通过分析,我们可以发现规律,只要计算出子串中有多少个数为奇数的字母 `oddCounts`,如果`oddCounts/2 >= K`, 则我们可通过替换将子串变成回文。 那么这题就变为如何快速的统计出区间出现次数为奇数的字母个数,区间个数,我们可以用**前缀和**个数统计。
1. 为了快速统计区间个数,用前缀和数组`prefixCount[i][j]`记录前`i`个字母中,字母`j`出现的个数。
2. 统计区间`[start, end]`内出现的次数为奇数的字母个数 `oddCounts += prefixCount[end+1][currChar] - prefixcount[start][currChar]` 。

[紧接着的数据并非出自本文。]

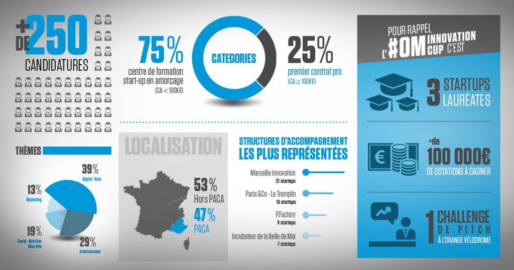 Les startups retenues pitcheront le 10 décembre à l’Orange Vélodrome en amont du match OM -ASSE. La startup gagnante toutes catégories confondues empochera un chèque de 50 000€. 25 000€ seront remis à la startup gagnante en amorçage (CA < 100 000€) et « 1er contrat pro » (CA ≥ 100 000€).

3. 如果`oddCounts/2 >= K`, 则可以通过替换将子串变成回文。
如下图构建的前缀和数组`prefixCount[i][j]`, 由于这里字符串只包含26个小写字母,所以近似常数时间复杂度。
### 复杂度分析
* *时间复杂度:* `O(n + m * 26) - n is s length, m is queries length`
* *空间复杂度:* `O(n * 26) - n is s length, n * 26 prefixcount matrix`
> **Note**, 可以用HashMap,这样不用每次都扫描26个字母,只要扫描出现过的字母即可。
**判断字符串是否是回文**:
回文字符串的特点:正读和反渎都是一样。如`madam,noon, 12321, aaaa` 等。
判断回文方法:
1. 第一种解法:直接reverse字符串,然后判断两字符串是否相同。`return s == reverse(s)`
2. 第二种解法:前后两个指针`(left, right)`,`left` 从`0`开始,`right`从字符串最后一个字符开始,满足条件`(left < right)` 比较 `s[left]` 与`s[right]`是否相同,
* 相同,则继续下一个,`left往右移,left++`, `right往左移,right--`
* 不同,则直接`return false`。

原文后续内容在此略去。